Boykos are either considered one of the descendants of East Slavic tribes, specifically White Croats who lived in the region, possibly also Ulichs who arrived from the East, or Vlach shepherds who later immigrated from Transylvania.

==Demography==
In the Boyko Region (Bojkowszczyzna, Boyko and Бойківщина), there lived up to 400,000 people of whom most were Boykos. They also lived in Sanok, Lesko and Przemyśl County of the Podkarpackie Voivodeship in Poland, before the Population exchange between Poland and Soviet Ukraine and the forced relocation of Rusyns and Ukrainians in Poland in 1947. In commemoration of Boykos, Ukraine's national parliament, the Verkhovna Rada, in 2016 renamed Telmanove Raion into Boykivske Raion where Boykos were deported from Czarna, Bieszczady County (today in Poland) after the 1951 Polish–Soviet territorial exchange. It is estimated from the evidence available that in 1970 there lived 230,000 people of Boyko origin.

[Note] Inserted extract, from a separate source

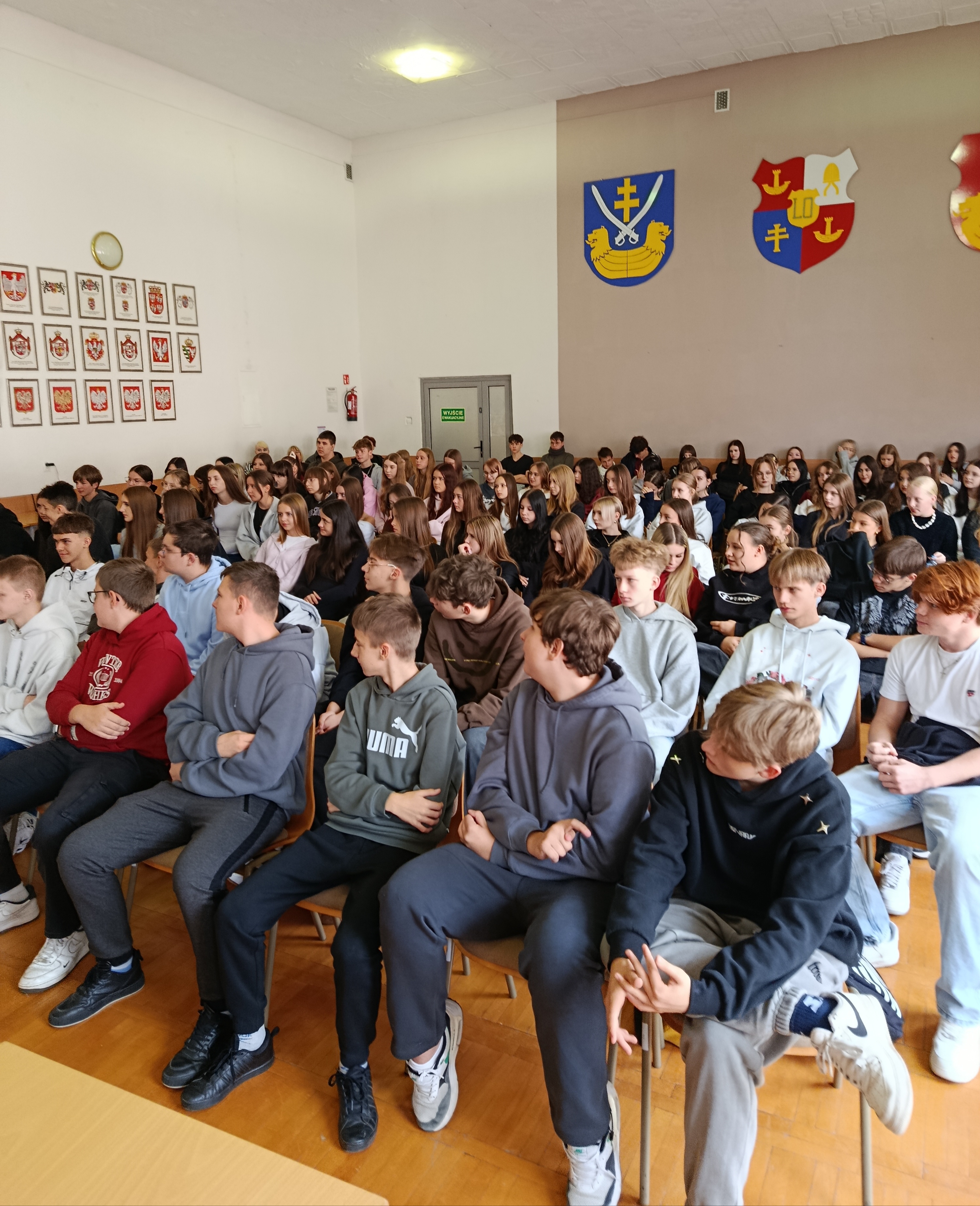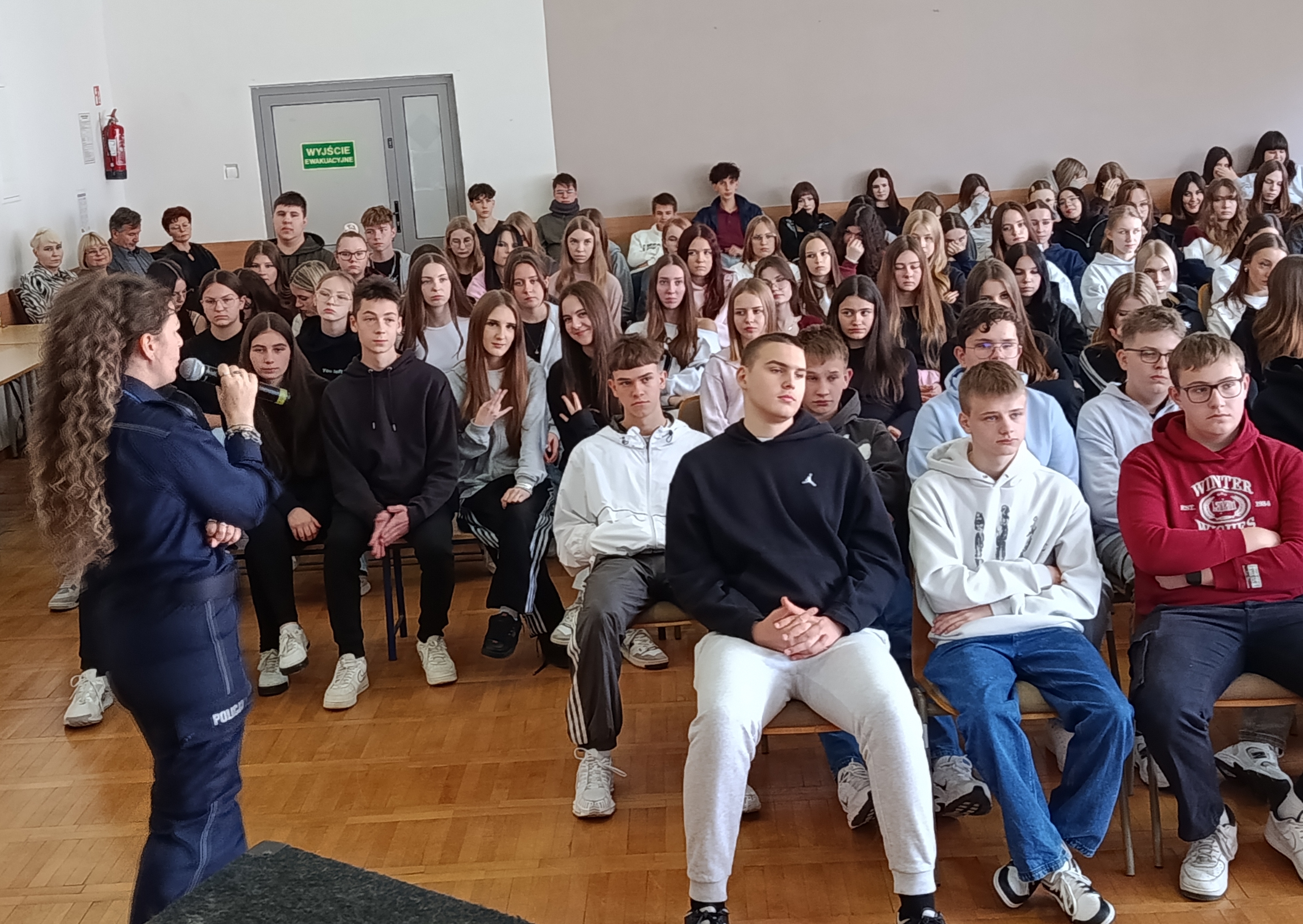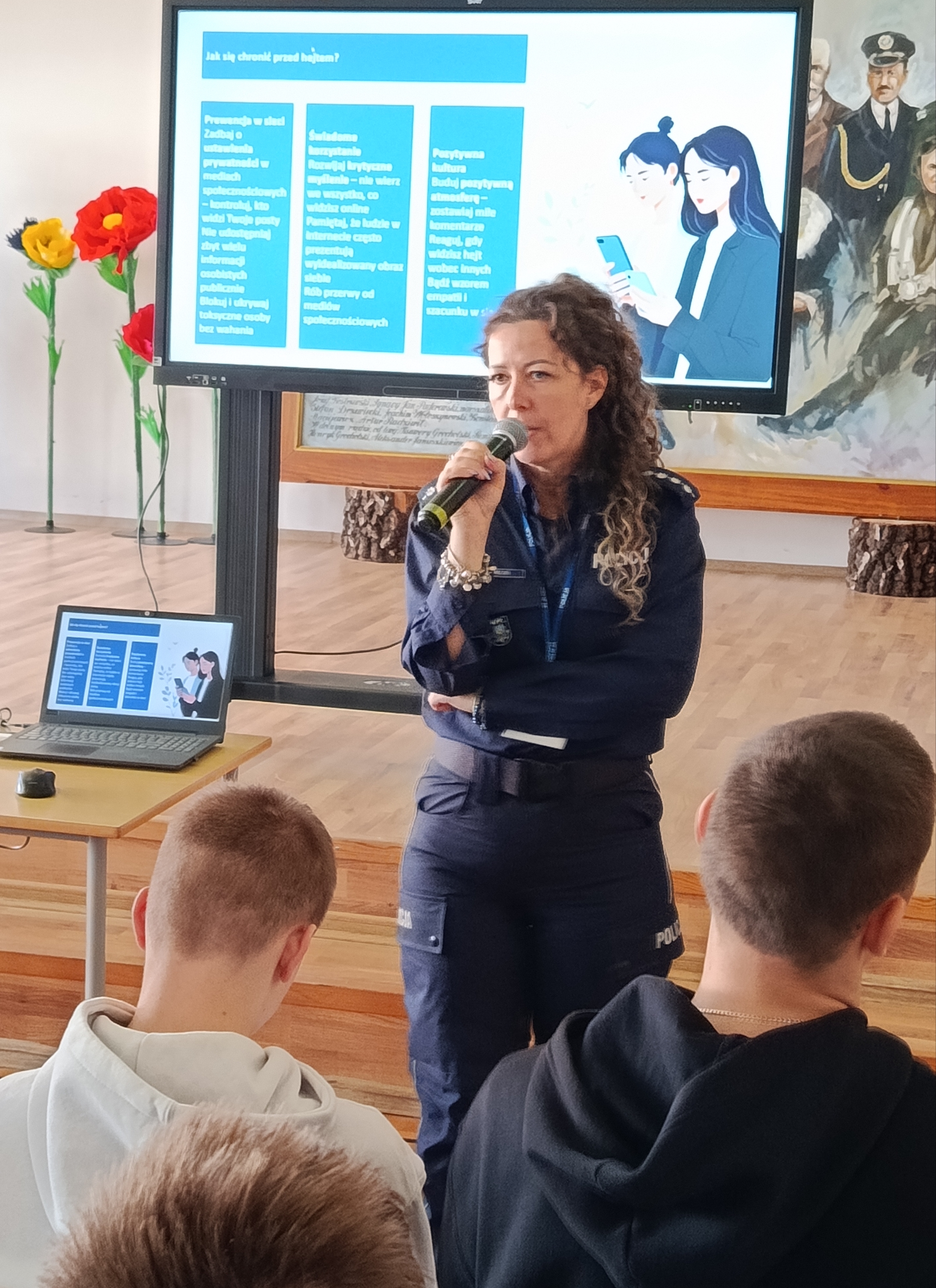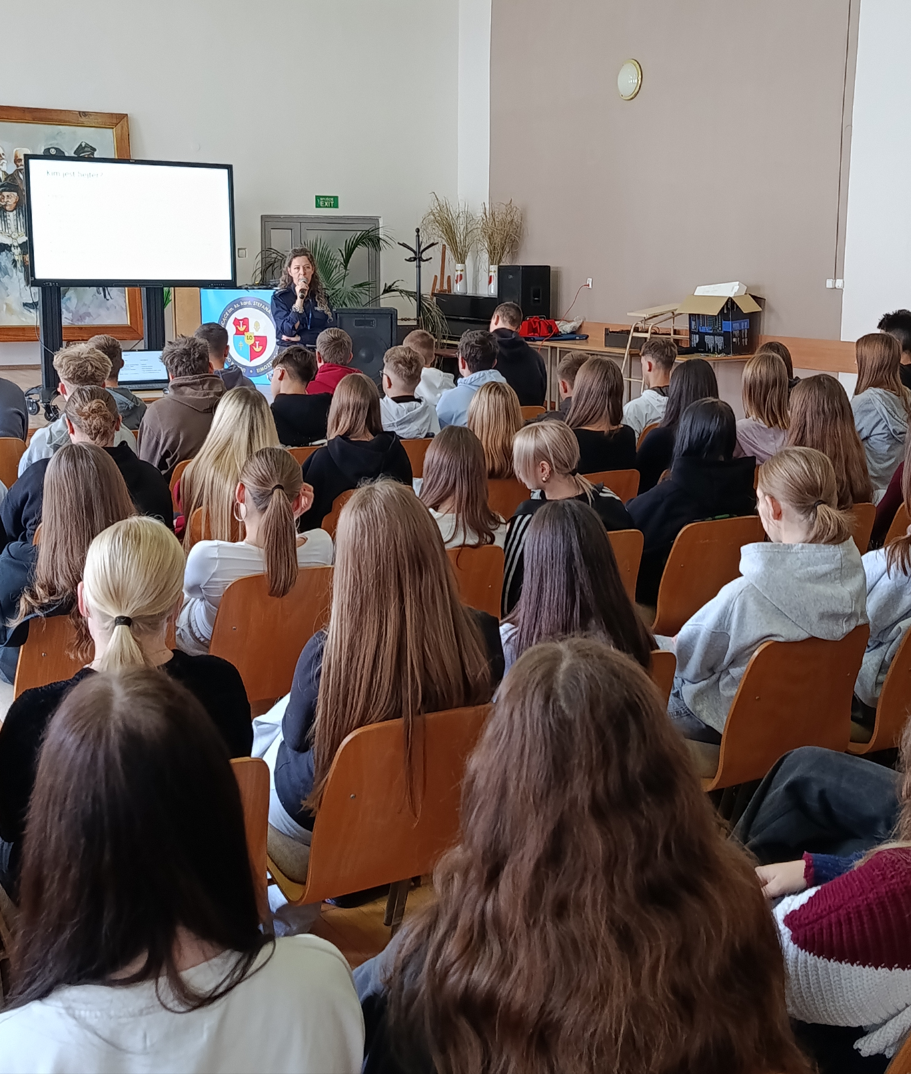 W ramach kampanii społecznej „NIE HEJTUJĘ-MOTYWUJĘ”, młodzież naszej szkoły uczestniczyła w prelekcji, której celem było zwrócenie uwagi na zjawisko cyberprzemocy rówieśniczej, hejtu i mowy nienawiści. W związku z tym w murach naszej szkoły gościliśmy funkcjonariuszy z KPP w Staszowie w osobach: asp. szt. Agatę Kwiecień i st. asp. Marcina Masternaka. W tym gronie, po raz kolejny, rozważaliśmy kwestię bezpieczeństwa w cyberprzestrzeni, która aktualnie jest wirtualnym środowiskiem funkcjonowania młodzieży. Funkcjonariusze Policji, poruszyli również kwestię bezpiecznego dostępu młodzieży do zasobów internetowych oraz starali się wzbudzić czujność młodych słuchaczy w kierunku ochrony informacji, urządzeń i zasobów cyfrowych.
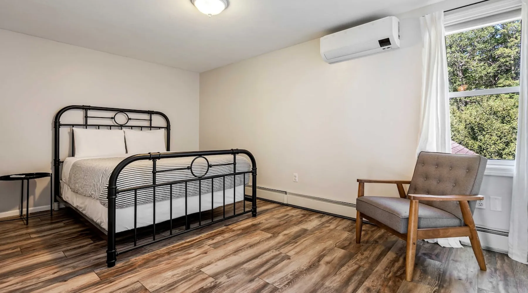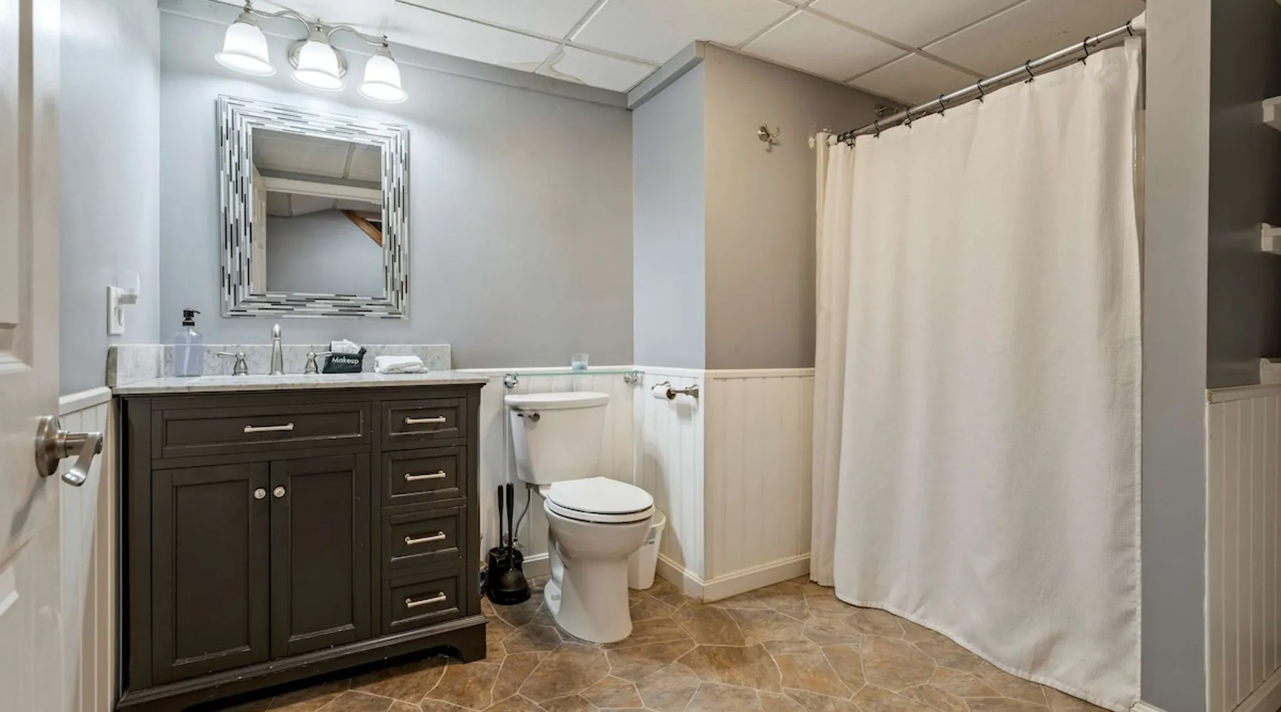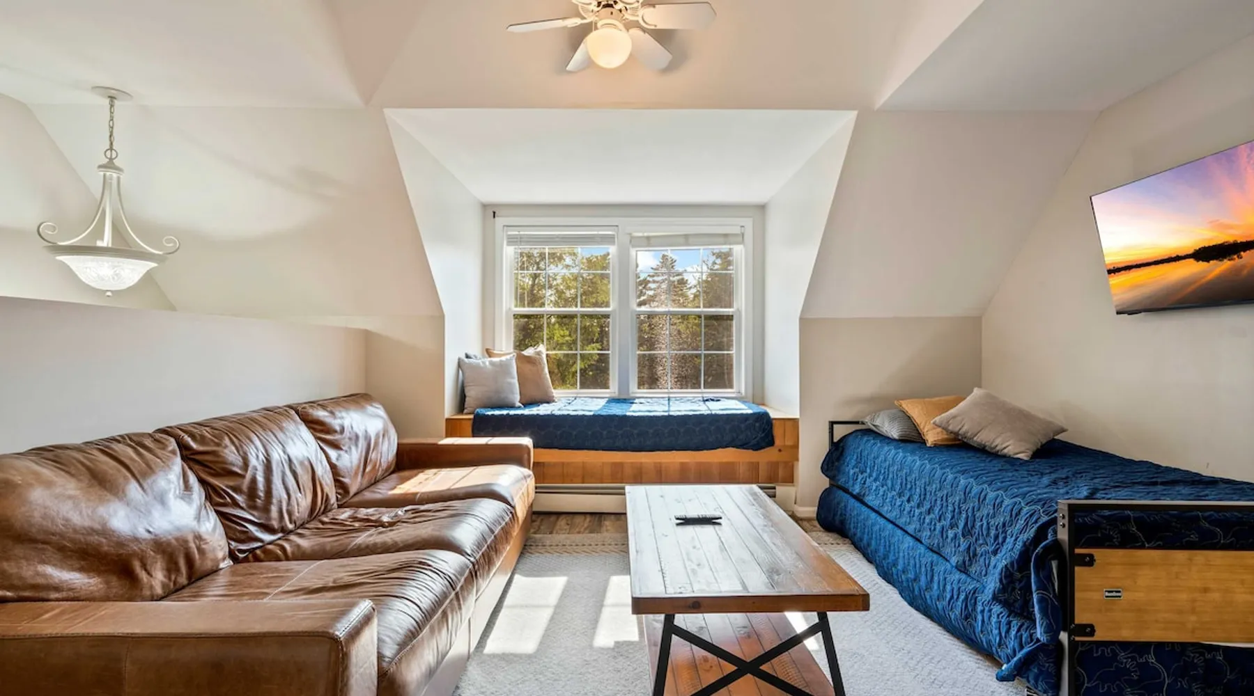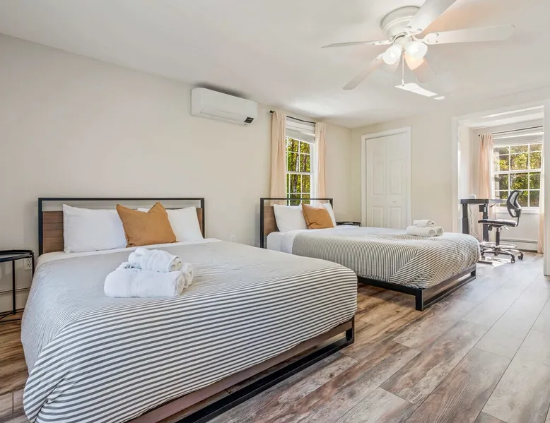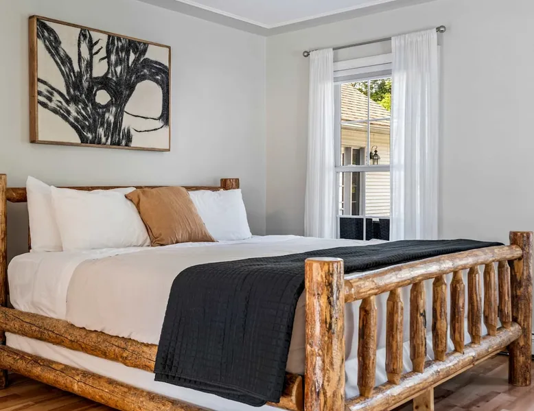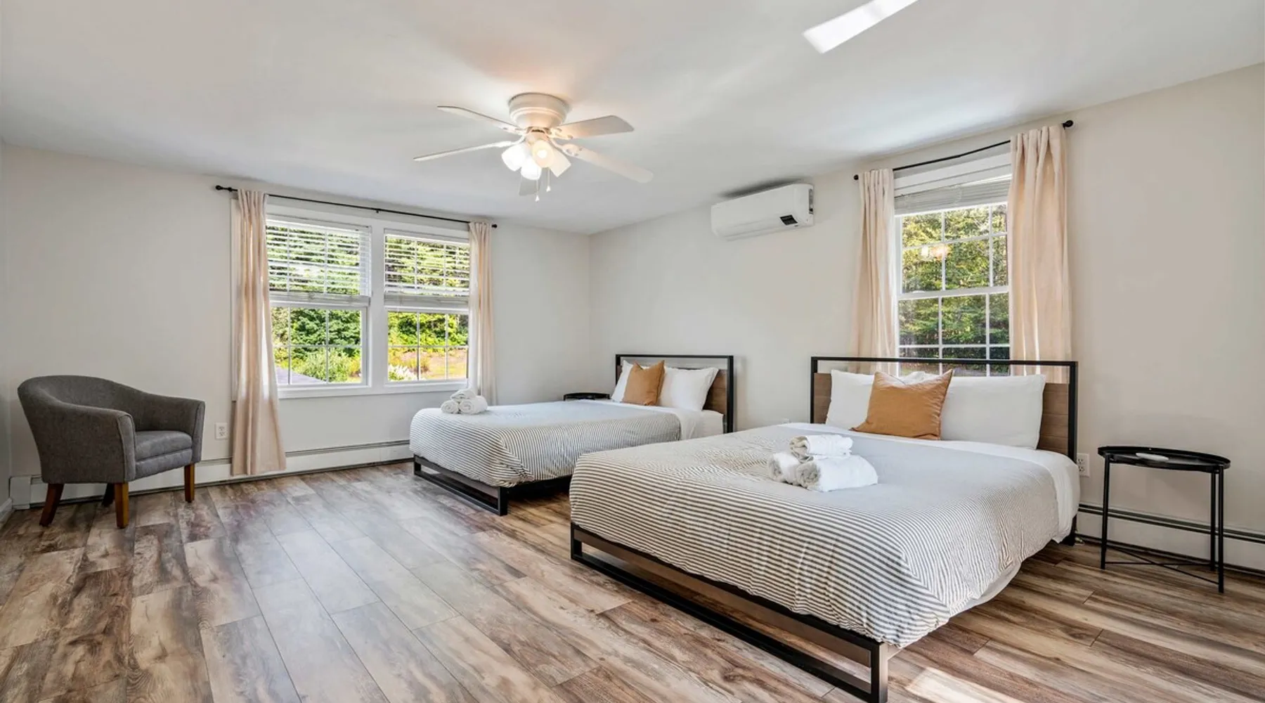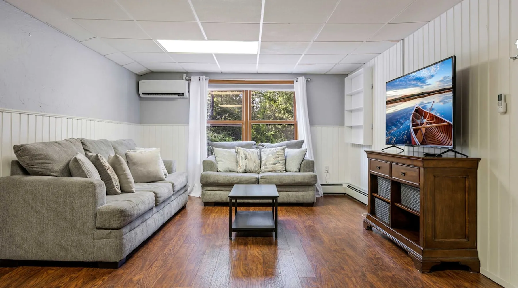 Welcome to the stunning, private escape of Gilford! This 6 bedroom, 4 full bathroom is the ideal vacation spot for you and your family- accommodating up to 18 guests. Sit back and relax by the pool and hot tub, or cozy up inside for a game night with a fully stocked game room: pool table, shuffle board, cards, board games, and more! Brand NEW outdoor fire pit! This house can accommodate ample parking. The space Working from home, no problem. This property features 2 state of the art standup desks with wireless charging. Staying just for fun, all 3 levels of the home have common areas to fit large groups and give guests some privacy from the others should they need it. Kitchen *Fully stocked kitchen with granite countertops, a ”knock-knock” fridge by LG, an induction cooktop, an oven and a wine/beer fridge to fit beverages for the whole family. The kitchen is equipped with everything you need to cook and entertain. A drip coffee pot and Keurig are included for your morning cup of coffee. The Grand Room *Amazing open floor plan that is all tied together by the Grand room that features 15 foot cathedral ceilings with wood beams, a 75 inch Smart TV, and a 14 foot wooden shuffleboard. Bedroom Configuration Bedroom 1- King - Main Level - this has the ensuite bathroom Bedroom 2- Queen - Main Level Bedroom 3- 2 Queens - Upper Level Bedroom 4- Queen - Upper Level Bedroom 5- King - Upper Level (w/ crib) Bedroom 6- Queen - Lower Level Plus four twin beds - 3 in the common area upstairs and 1 in the lower level Outside Area The Front yard features a private 500 foot driveway that was newly paved and lined with lighted lamps atop large granite posts. There is also a 40x25 fish pond with a fountain right where the 2 private driveways split left and right off the home. We just added a brand new fire pit with seating for 7 people. We do not leave firewood out for guests for liability purposes but you are welcome to bring your own as long as you follow the noise ordinance and be safe. The backyard has an incredible set up with a massive Gunite pool for the summer time and 5-person hot tub that is open all year round. Behind the Waterfall there is a horseshoe pit and an acre of flat lawn that is well maintained for any other backyard games. Adjacent to the pool there is a converted shed that is now an outdoor bar with seating for 4-5 people. The outdoor bar also has a Smart TV. We keep it open with the pool from Mid May to Late September and the pool can be heated for $750 per week or $500 per weekend at 78 degrees during the day. This rental has something for every season: Winter: Gunstock Mountain 10 minutes away (many other mountains within an hour drive) Spring: Boat Season opens back up just a few miles down the road Summer: The Pool opens up and golf season begins Fall: Foliage is incredible in the lakes region Hard to believe this Oasis is only a 90 minute drive from Boston. *7.8 miles from Gunstock Mountain Resort *6.9 miles from Bank of New Hampshire Pavilion Concert Venue *9 miles from Weirs Beach *2 miles from downtown Laconia *Loudon Motor Speedway *Minutes away from Laconia’s famous bike week *11 miles from Winnipesaukee Playhouse *12 miles from Canterbury Shaker Village *30 mins to Squam Lakes Natural Science Center *8 miles from Lakes Region Casino Guest access Guests have access to the entire house (minus owners closet). Other things to note Pets are allowed for $125 per dog- maximum 2 dogs. Pool may be heated for $700 per week or $350 per weekend with 48 hour notice. Guests must provide their own firewood if they would like to utilize the fire pit at their own discretion. It should never be left unattended while there is a live flame, and it should be extinguished entirely prior to going in for the night. Pellet Stove is just for show and will be locked for your stay. You are free to use the propane heater and obviously the traditional heating system. Please note there exterior cameras at the property. NH Meals & Rentals Tax Operator's License #104081

In Ukraine, the classification of Boykos as an ethnicity distinct from Ukrainians is controversial. The deprecated and archaic term Ruthenian, while also derived from Rus', is ambiguous, as it technically may refer to Rusyns and Ukrainians, as well as Belarusians and in some cases Russians, depending on the historical period. According to the 2001 Ukraine census, only 131 people identified themselves as Boykos, separate from Ukrainians. This is also on top of many attempts within the USSR and modern day Ukraine to assimilate the Rusyn people into the modern Ukraine state. In the Polish census of 2011, 258 people stated Boyko as a national-ethnic identity, with 14 of those people listing it as their only national-ethnic identity.

==Location==
- Poland: southeasternmost part of Poland (Podkarpackie Voivodeship).
- Ukraine: central and western half of the Carpathians in Ukraine across such regions as the southern Lviv Oblast (Stryi, Drohobych, and Sambir raions), western Ivano-Frankivsk Oblast (Kalush Raion) and parts of the northeastern Zakarpattia Oblast (former Mizhhiria Raion)
- Northeast Slovakia

To the west of Boykos live Lemkos, east or southeast Hutsuls, northward Dnistrovyans, Opolyans.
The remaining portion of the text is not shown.